Ein Lehrstück in Sachen Meinungsfreiheit
Italiens Staatsanwaltschaft sperrte einen kompletten Server
Nicht nur in Deutschland, auch in Italien greifen die Staatsanwaltschaften jetzt mit unverhältnismäßigen Maßnahmen gegen Provider durch. Damit schufen sie beinahe einen italienischen Präzedenzfall in Sachen Redefreiheit im Netz.
Vom 27. Juni bis zum 6. Juli war die italienische Internet-Adresse www.ecn.org im Netz nicht mehr zu erreichen. Kein Festplattencrash, keine Wartungsarbeiten hatten zu dem Ausfall geführt, sondern das Eingreifen der Strafverfolger: Die Polizei in Bologna beschlagnahmte den Server auf Anweisung der Staatsanwaltschaft. Angeblich seien von dem Server "üble Nachreden" gegen ein türkisches Reisebüro namens "Viaggi Turban" verbreitet worden. Verantwortlich dafür sei der Verein "isole nella rete" (Inseln im Netz), der den Rechner betreibt.
Das Vorgehen der Strafverfolger glich dem des berühmten Elefanten im Porzellanladen. Anstatt für die Entfernung der "üblen Nachreden" zu sorgen, ließ Staatsanwalt Paolo Pecori gleich den kompletten Server sperren. Bereits im Januar hatte er die Verbreitung eines entsprechenden Flugblattes untersagt. Jetzt betraf jedoch seine Entscheidung nicht nur ein einzelnes Flugblatt: Nach Angaben von Sandro Moretti, Vorsitzender von "isole nella rete" waren mehrere Mailinglisten, Websites und Tausende von privaten E-Mail-Adressen neun Tage lang außer Funktion, 120 nicht-kommerzielle Gruppen und Kulturzentren verloren während der Aktion ihre Heimat im Internet.
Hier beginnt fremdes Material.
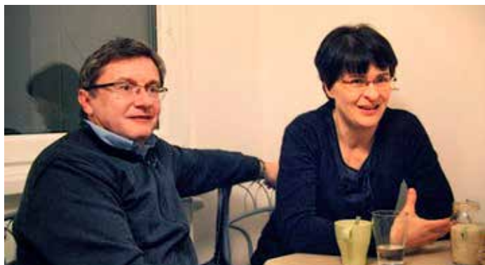
Dodo a Simona Predáčovci

Do tejto kampane sme sa v Zákamennom zapojili už piatykrát, tentokrát ako spoločenstvo ôsmich rodín. Program sme rozvrhli do dvoch dní s úplne odlišnou náplňou.

"Isole nella rete" ist eine nicht-kommerzielle Organisation, die linken Gruppen einen Zugang zum Netz zur Verfügung stellt. Als Mitglied des 1989 gegründeten italienischen Verbandes "European Counter Network" nutzt der Provider das Internet zur Herstellung einer linken Gegenöffentlichkeit. In einer mehrsprachig veröffentlichten Erklärung hieß es, mit der "völlig unangebrachten" Polizeimaßnahme werde das "dichte Netz der Solidarität" bedroht. Innerhalb einer Newsgroup war ein zuvor auf traditionellen Wegen verteiltes Flugblatt einer Gruppe aus Viacenza veröffentlicht worden, das sich kritisch über ein Reisebüro äußerte. Der Provider jedoch erklärte, der Boykottaufruf richte sich gegen die Eigentümer des Reisebüros. Nach Angaben einer kurdischen Menschenrechtsgruppe gehörte das Geschäft der Familie der ehemaligen türkischen Premierministerin, Tansu Ciller. Die Einnahmen aus dem Tourismusgeschäft dienten dazu, eine Kampagne der türkischen Regierung gegen die kurdische Volksgruppe zu unterstützen. Der Geschäftsführer des Reisebüros, Giap Bidone, legte Beschwerde gegen die Internetveröffentlichung ein.
Zahlreiche Einzelpersonen und Gruppen protestierten im In- und Ausland gegen diesen "absurden" Vorgang. Mehrere internationale Zeitungen, darunter die "Washington Post", berichteten über den Vorgang. Für sie war der ganze Vorgang ein "Lehrstück" in Sachen Meinungsfreiheit. Es kam, wie es kommen mußte: Die Konsequenz der polizeilichen Aktion bestand nicht darin, ein vermutlich illegales Papier aus dem Verkehr zu ziehen, sondern - wie es im Netz nun einmal üblich ist - in der vielfachen Verbreitung des inkriminierten Papiers. Innerhalb weniger Tage wurde die Website von "isole nella rete" auf rund fünfzig Rechnern gespiegelt - nicht nur in Italien, sondern weltweit.
Das Gericht in Vicenza widerrief schließlich seine Entscheidung mit der Begründung, es mache wenig Sinn, die geltenden Gesetze auf das schnellwachsende Medium Internet zu übertragen. Die Provider stimmten im Gegenzug dem Gericht zu, das elektronische Flugblatt von ihrem Rechner zu entfernen. Nach Ansicht von Beobachtern könnte dieser Vorgang jetzt zu einer beschleunigten Anpassung der italienischen Rechtslage an die neuen medialen Gegebenheiten führen.